What I would like to know is the order in which the delegates are called.
Good question — this is really pretty dependent on what is happening/what you are doing. It isn’t so much that there is a particular order to expect but that there are particular events which will result in a certain delegate callback. The basic thing that you will see is the start event, then lots and lots of updates of the live speech event (as you mention) followed by a finalized speech event.
However pocketsphinxDidStopListening doesn’t appear to be called, should this not be called as some point before pocketsphinxDidStartListening is called? Or should pocketsphinxDidStartListening not be called except for the very first time?
I think this is an example of flawed naming on my part — pocketsphinxDidStartListening and pocketsphinxDidStopListening are not actually analogs. pocketsphinxDidStartListening is called when entering the listening loop, pocketsphinxDidStopListening is called when turning off the recognition engine finally.
What causes rapidEarsDidDetectFinishedSpeechAsWordArray to be called? Does it still work on the second of silence?
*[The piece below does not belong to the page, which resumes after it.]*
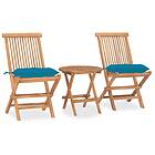 vidaXL Hopfällbar matgrupp med dyna för trädgården 3 delar massiv teak 3063190
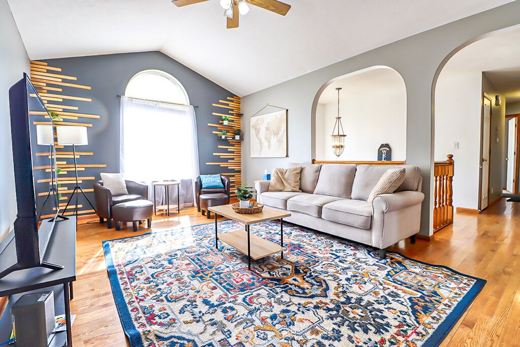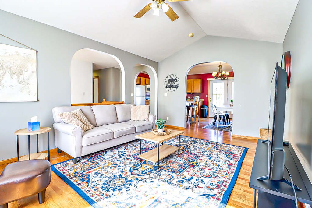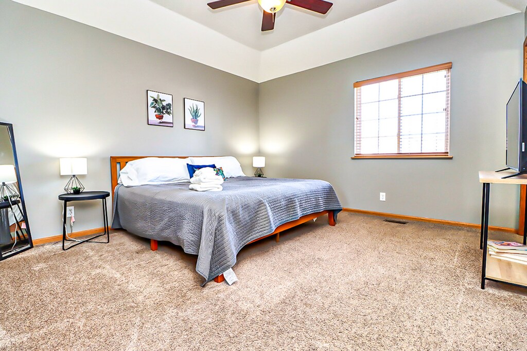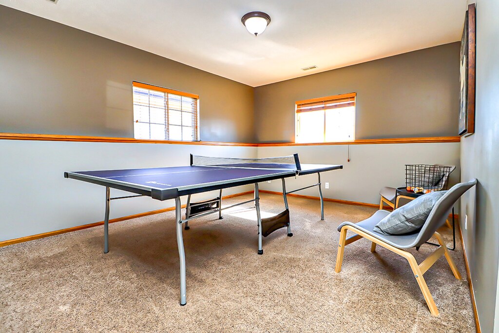Beautiful home for anyone visiting Lincoln! Incredible location - 5 min drive to shopping and interstate, 8 min drive to UNL, downtown, Haymarket, and the Pinnacle Bank Arena. Free parking and 2 stall garage allow for 4 cars on the premises and street parking available. Best of all, family-friendly and safe neighborhood! This comforting home comes with many amenities to make your stay as perfect as possible! Main floor has: - Master bedroom and private bathroom - Two guest bedrooms - Additional bathroom - Full kitchen and dining room - Living room Basement includes: - Bedroom - Half bathroom - Rec area with ping pong table

Correct, there are lots of attempts to recognize during the speech, and then once there is a pause there is a finalized, higher-accuracy attempt that is very similar to the default recognition behavior of OpenEars. It can be turned off (and should be turned off to save a few cycles) if you are only interested in the live speech but I left the option in there of using it so you aren’t excluded from the old-style pause-based recognition if you choose RapidEars. You can turn it off by setting this:
Just to confirm but pocketsphinxDidReceiveHypothese should no longer should be callled?
What sort of delay if any will be caused when it’s switching between these states? I’m mainly interested in trying to find out if any words will be lost if they are said between rapidEarsDidDetectFinishedSpeechAsWordArray and pocketsphinxDidStartListening being called, how is the reconigition loop affected, should I make the user wait before continuing to speak?
Just like with OpenEars, the engine is not taking in new audio while it is performing that pause-based finalized recognition (if you tell it to stop finalizing the expected behavior is that it shouldn’t have gaps in listening — let me know if that isn’t the case). But there shouldn’t be a delay in the time between returning the hypothesis and going back to listening.